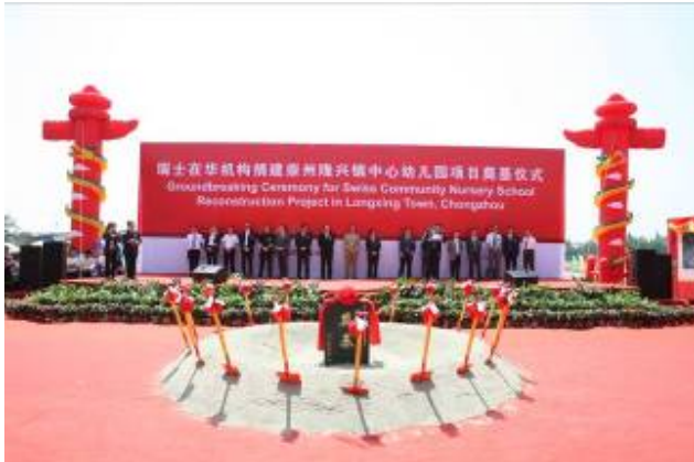
2009年5月隆兴镇举行奠基仪式

2009年5月20日,项目奠基典礼成功举行。瑞士驻华大使、上海瑞士商会副主席、北京瑞士商会董事、崇州市市长等当地政府领导和捐赠公司代表等出席了活动。共有12家全国和地方媒体对此事进行了报道,网络转载达到40多篇。
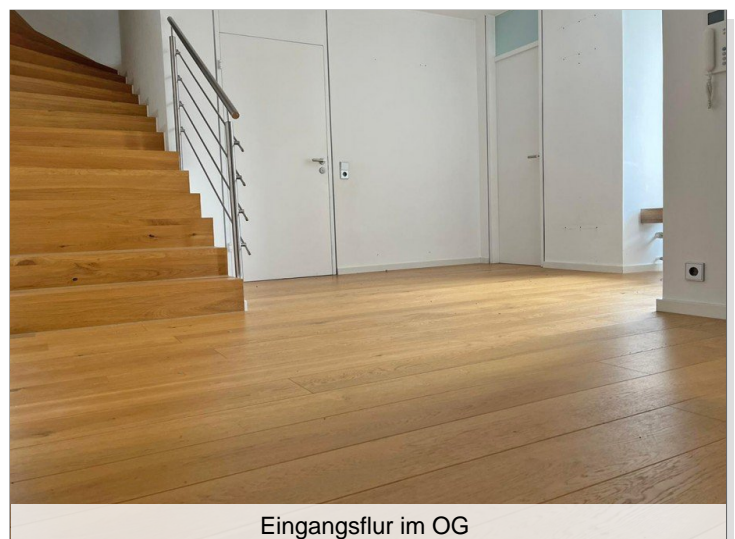
Eingangsfur im OG
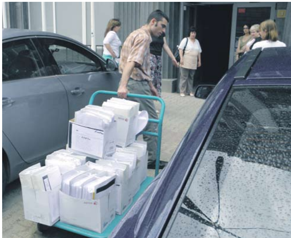
► Служител на Агенцията по заетостта тегли междинния отчет на БТПП по европроекта на палатата
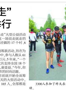
3300人参加了昨天在枫泾古镇举行的“一个鸡蛋的暴走”活动。

低的要求,有民生银行、农业银行、汇丰银行、友利银行等,但九厘无一例外对享受优惠折扣的低利率房贷客户都有附加条件的要求。比如民生银行首套房利率可以最低
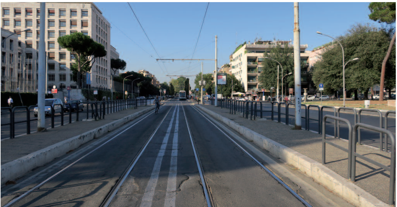
Figure 1 : Site propre de la ligne 3, à la station Circo Massimo (remarquer l'aménagement sommaire), sur le tronçon fermé pour modernisation de 2005 à 2013.

Plusieurs projets d'extension du réseau sont évoqués, mais aucun n'est pour l'instant en travaux : il faut dire que les ressources financières de la municipalité, par ailleurs lourdement endettée, sont très sollicitées par l'interminable chantier du métro C.
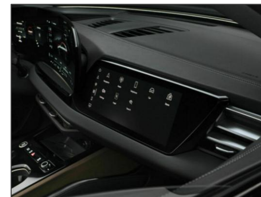
乘客座觸控顯示螢幕
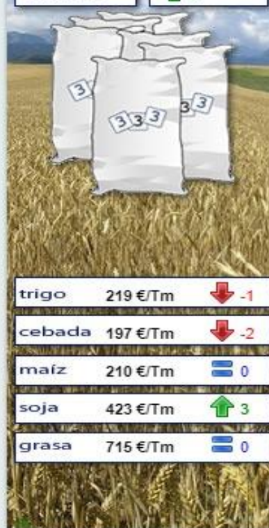
Evolución semanal durante los últimos 12 meses
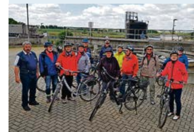
Aus Magdeburg waren die Besucher angereist.

das der Energiegewinnung dient. Beeindruckend: Die Besucher hatten bereits eine Fahrt vom Bahnhof Wolmirstedt über Farsleben, Zielitz, Colbitz und Meseberg hinter sich und radelten den kompletten Weg von Hillersleben nach Magdeburg zurück – insgesamt 42 Kilometer, und das bei einem Durchschnittsalter von 72 Jahren. Fürs „geballte Wissen und viele neue Eindrücke“ danken die rüstigen Radler anschließend herzlich.
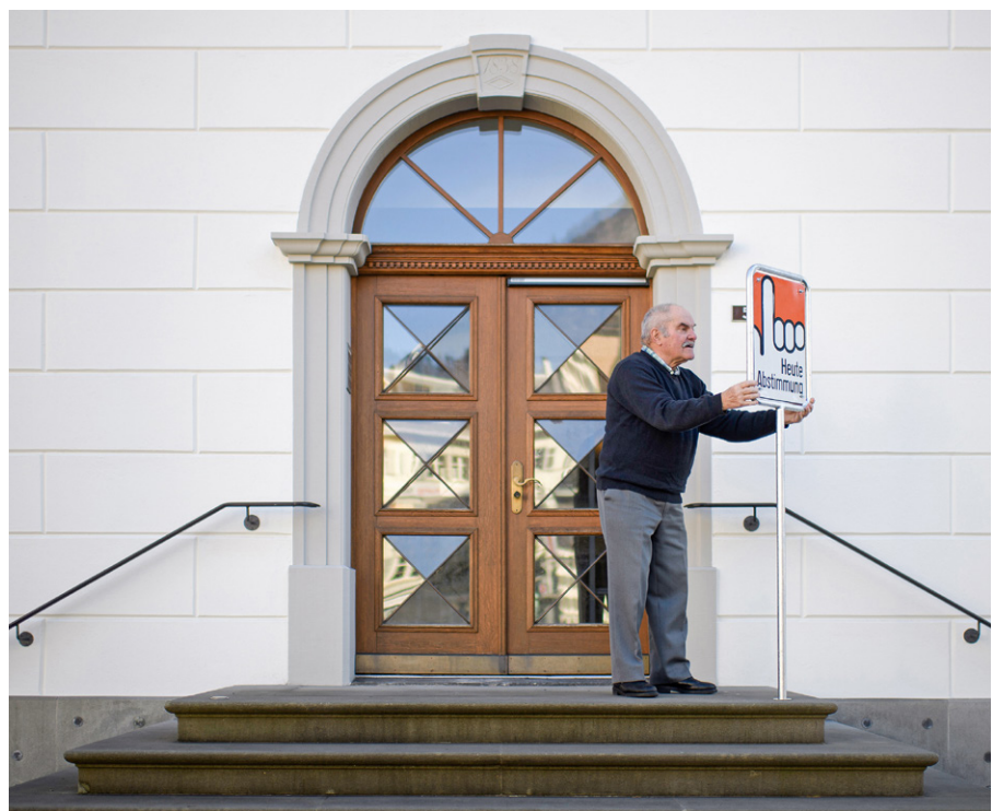
Abstimmungstafel vor dem Gemeindehaus in Glarus – einem der drei verbliebenen im Kanton.
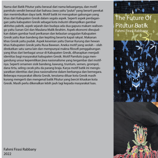
Gambar 4.13 Halaman Cover dan Back Cover

Pada halaman cover buku disini menggunakan jenis layout picture window dengan menampilkan hasil foto dari salah satu hasil dari motif campuran, yaitu : Rusa Bawean, Pudak, Gapuro Sunan Giri, Ikan Bandeng, dan Damar Kurung. Lalu font yang digunakan adalah tipe font : Myriad Pro.
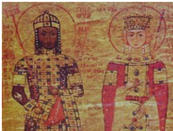
Imagen simbólica Época de Manuel I Comnenos y María de Antioquia

En los anuncios previos de la feria de turismo 2026 se trata de culturas locales catalanas, tradiciones de Cataluña y Barcelona , temas culturales para el marketing turístico, aventura, gastronomía y vida, así como transporte. La feria deberá tener como tema una oferta turística amplia.
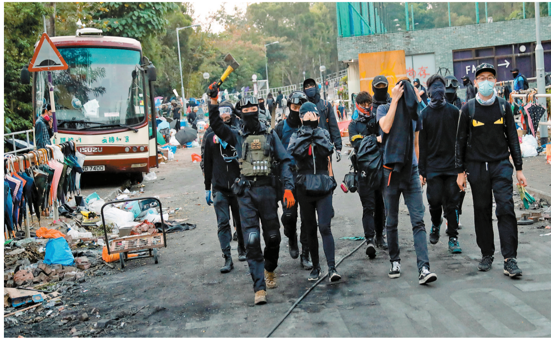
2019年11月，中文大學2號橋爆發衝突前大批蒙面黑衣人佔據，有人更手持斧頭。資料圖片

【香港商報訊】記者萬家成報道：多名涉前年修例風波案件的被告昨日被判刑重囚，其中2名涉及前年香港中文大學2號橋衝突的大專生，經審訊後裁定暴動罪及在非法集結中使用蒙面物品罪罪成，分別被判囚4年6個月及3年9個月。3名男女在同年沙田港鐵站包圍警員、投擲雜物及衝擊控制室，分別被判入獄12至45個月不等。另有1名倉務員被警方檢出汽油彈及汽油，他早前認罪，昨被判囚5年。
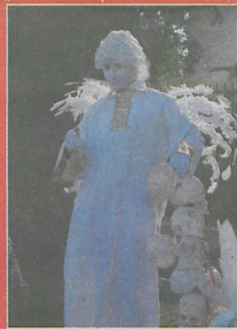
▲ Nad Wartą tego dnia spotkać można było ciekawe postaci
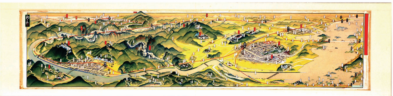
カラー図版2「伯備沿線鳥瞰図」 「吉田初三郎『伯備沿線鳥瞰図』修復についての一考察」関連資料
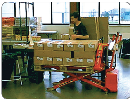
Kann an die Elektro-Scherenhubwagen und Logiflex-Stapler (ohne Teleskopmast) angebaut werden.
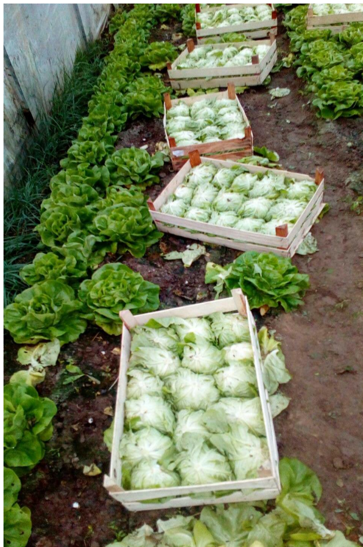
Slika 15. Berba salate (22. prosinac 2017.)

Poslije salate tlo se „odmara“ do proljetne sjetve rajčice.
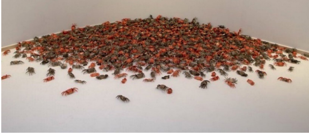
Şekil 9: Ai Weiwei, He Xie (Nehir Yengeci), 2012, Sakıp Sabancı Müzesi, İstanbul. Kaynak: https://twitter.com/SSabanciMuze/status/919138180875595776 (Erişim:04.04.2018).
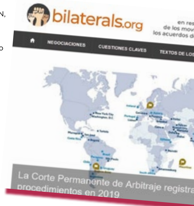
La nueva versión del sitio de internet de bilaterals.org proporciona un espacio dedicado a acuerdos comerciales específicos de la región, como la RCEP, un sistema de navegación simplificado, un nuevo diseño, un motor de búsqueda reforzado y expandido y material en múltiples idiomas

El alcance del proyecto continúa en crecimiento: el equipo a menudo responde a pedidos ad-hoc de parte de grupos a nivel global, como crear nuevas páginas para publicar las filtraciones de borradores de textos de negociación u otros documentos que no se han hecho públicos aún.
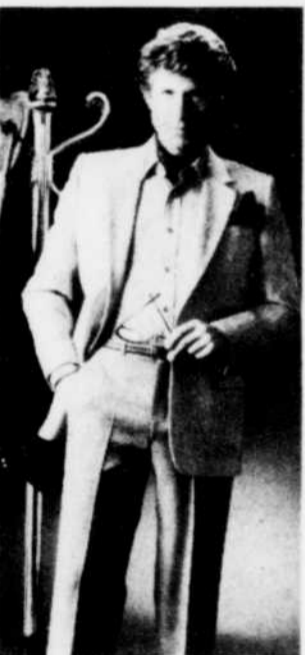
"Le luxe dépouillé d'une veste minutieusement taillée dans ce velours côtelé de pure soie."

ment l'épitomé de toute sa philosophie vestimentaire, dans son édition de l'automne 80. Ce fameux designer au rayonnement international insiste désormais sur la minceur de la silhouette, l'allure élancée et active qui accrochent tellement bien au style de la vie que nous connaissons.
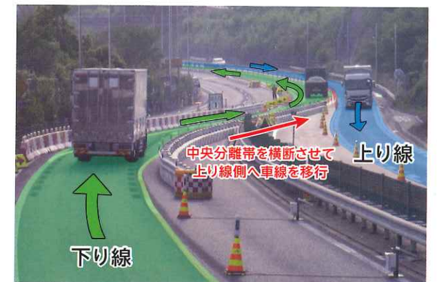
中央分離帯を横断させた車線の移行状況(別工事での例)
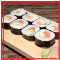
401. FUTO SALMON salmone e avocado € 9,00

8pz (roll di riso di dimensioni maggiori avvolti da alga nori o foglio di soia)
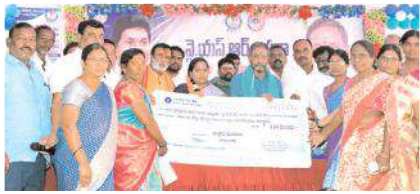
చెక్కు అందజేస్తున్న దృశ్యం

కల్లూరు, మేజర్ న్యూస్: వైఎస్సార్ ఆసరా పథకం మహిళలకు భరోసాను ఇస్తుంది పాణ్యం ఎమ్మెల్యే కాటసాని రాంభూపాల్ రెడ్డి అన్నారు. సోమవారం కల్లూరు ఎంపీడివో కార్యాలయంలో వైఎస్సార్ ఆసరా 4వ విడత సంబరాలను నిర్వహించారు. ఈ సందర్భంగా కాటసాని రాంభూపాల్ రెడ్డి మాట్లాడుతూ సీఎం వైఎస్.జగన్ పేద మహిళల సంక్షేమానికి ఎంతో కృషి చేస్తున్నారు. ప్రభుత్వం అమలు చేస్తున్న ప్రతి పథకంలో మహిళలకు ప్రాధాన్యత ఇస్తున్నారన్నారు. అనంతరం సీఎం జగన్ చిత్రపటానికి పాతాభిషేకం నిర్వహించి కేక్ కట్ చేశారు. మహిళలకు చెక్కు అందజేశారు. ఈ కార్యక్రమంలో మండలంలోని ప్రజాప్రతినిధులు, వైసీపీ నాయకులు, కార్యకర్తలు పాల్గొన్నారు.

* EXERCISE DETAILS
Only an exact copy of the records, free of images, belongs in the answer.

* TASK ANSWER
2009年5月隆兴镇举行奠基仪式

2009年5月20日,项目奠基典礼成功举行。瑞士驻华大使、上海瑞士商会副主席、北京瑞士商会董事、崇州市市长等当地政府领导和捐赠公司代表等出席了活动。共有12家全国和地方媒体对此事进行了报道,网络转载达到40多篇。
Eingangsfur im OG
► Служител на Агенцията по заетостта тегли междинния отчет на БТПП по европроекта на палатата
3300人参加了昨天在枫泾古镇举行的“一个鸡蛋的暴走”活动。

低的要求,有民生银行、农业银行、汇丰银行、友利银行等,但九厘无一例外对享受优惠折扣的低利率房贷客户都有附加条件的要求。比如民生银行首套房利率可以最低
Figure 1 : Site propre de la ligne 3, à la station Circo Massimo (remarquer l'aménagement sommaire), sur le tronçon fermé pour modernisation de 2005 à 2013.

Plusieurs projets d'extension du réseau sont évoqués, mais aucun n'est pour l'instant en travaux : il faut dire que les ressources financières de la municipalité, par ailleurs lourdement endettée, sont très sollicitées par l'interminable chantier du métro C.
乘客座觸控顯示螢幕
Evolución semanal durante los últimos 12 meses
Aus Magdeburg waren die Besucher angereist.

das der Energiegewinnung dient. Beeindruckend: Die Besucher hatten bereits eine Fahrt vom Bahnhof Wolmirstedt über Farsleben, Zielitz, Colbitz und Meseberg hinter sich und radelten den kompletten Weg von Hillersleben nach Magdeburg zurück – insgesamt 42 Kilometer, und das bei einem Durchschnittsalter von 72 Jahren. Fürs „geballte Wissen und viele neue Eindrücke“ danken die rüstigen Radler anschließend herzlich.
Abstimmungstafel vor dem Gemeindehaus in Glarus – einem der drei verbliebenen im Kanton.
Gambar 4.13 Halaman Cover dan Back Cover

Pada halaman cover buku disini menggunakan jenis layout picture window dengan menampilkan hasil foto dari salah satu hasil dari motif campuran, yaitu : Rusa Bawean, Pudak, Gapuro Sunan Giri, Ikan Bandeng, dan Damar Kurung. Lalu font yang digunakan adalah tipe font : Myriad Pro.
Imagen simbólica Época de Manuel I Comnenos y María de Antioquia

En los anuncios previos de la feria de turismo 2026 se trata de culturas locales catalanas, tradiciones de Cataluña y Barcelona , temas culturales para el marketing turístico, aventura, gastronomía y vida, así como transporte. La feria deberá tener como tema una oferta turística amplia.
2019年11月，中文大學2號橋爆發衝突前大批蒙面黑衣人佔據，有人更手持斧頭。資料圖片

【香港商報訊】記者萬家成報道：多名涉前年修例風波案件的被告昨日被判刑重囚，其中2名涉及前年香港中文大學2號橋衝突的大專生，經審訊後裁定暴動罪及在非法集結中使用蒙面物品罪罪成，分別被判囚4年6個月及3年9個月。3名男女在同年沙田港鐵站包圍警員、投擲雜物及衝擊控制室，分別被判入獄12至45個月不等。另有1名倉務員被警方檢出汽油彈及汽油，他早前認罪，昨被判囚5年。
▲ Nad Wartą tego dnia spotkać można było ciekawe postaci
カラー図版2「伯備沿線鳥瞰図」 「吉田初三郎『伯備沿線鳥瞰図』修復についての一考察」関連資料
Kann an die Elektro-Scherenhubwagen und Logiflex-Stapler (ohne Teleskopmast) angebaut werden.
Slika 15. Berba salate (22. prosinac 2017.)

Poslije salate tlo se „odmara“ do proljetne sjetve rajčice.
Şekil 9: Ai Weiwei, He Xie (Nehir Yengeci), 2012, Sakıp Sabancı Müzesi, İstanbul. Kaynak: https://twitter.com/SSabanciMuze/status/919138180875595776 (Erişim:04.04.2018).
La nueva versión del sitio de internet de bilaterals.org proporciona un espacio dedicado a acuerdos comerciales específicos de la región, como la RCEP, un sistema de navegación simplificado, un nuevo diseño, un motor de búsqueda reforzado y expandido y material en múltiples idiomas

El alcance del proyecto continúa en crecimiento: el equipo a menudo responde a pedidos ad-hoc de parte de grupos a nivel global, como crear nuevas páginas para publicar las filtraciones de borradores de textos de negociación u otros documentos que no se han hecho públicos aún.
"Le luxe dépouillé d'une veste minutieusement taillée dans ce velours côtelé de pure soie."

ment l'épitomé de toute sa philosophie vestimentaire, dans son édition de l'automne 80. Ce fameux designer au rayonnement international insiste désormais sur la minceur de la silhouette, l'allure élancée et active qui accrochent tellement bien au style de la vie que nous connaissons.
中央分離帯を横断させた車線の移行状況(別工事での例)
401. FUTO SALMON salmone e avocado € 9,00

8pz (roll di riso di dimensioni maggiori avvolti da alga nori o foglio di soia)
చెక్కు అందజేస్తున్న దృశ్యం

కల్లూరు, మేజర్ న్యూస్: వైఎస్సార్ ఆసరా పథకం మహిళలకు భరోసాను ఇస్తుంది పాణ్యం ఎమ్మెల్యే కాటసాని రాంభూపాల్ రెడ్డి అన్నారు. సోమవారం కల్లూరు ఎంపీడివో కార్యాలయంలో వైఎస్సార్ ఆసరా 4వ విడత సంబరాలను నిర్వహించారు. ఈ సందర్భంగా కాటసాని రాంభూపాల్ రెడ్డి మాట్లాడుతూ సీఎం వైఎస్.జగన్ పేద మహిళల సంక్షేమానికి ఎంతో కృషి చేస్తున్నారు. ప్రభుత్వం అమలు చేస్తున్న ప్రతి పథకంలో మహిళలకు ప్రాధాన్యత ఇస్తున్నారన్నారు. అనంతరం సీఎం జగన్ చిత్రపటానికి పాతాభిషేకం నిర్వహించి కేక్ కట్ చేశారు. మహిళలకు చెక్కు అందజేశారు. ఈ కార్యక్రమంలో మండలంలోని ప్రజాప్రతినిధులు, వైసీపీ నాయకులు, కార్యకర్తలు పాల్గొన్నారు.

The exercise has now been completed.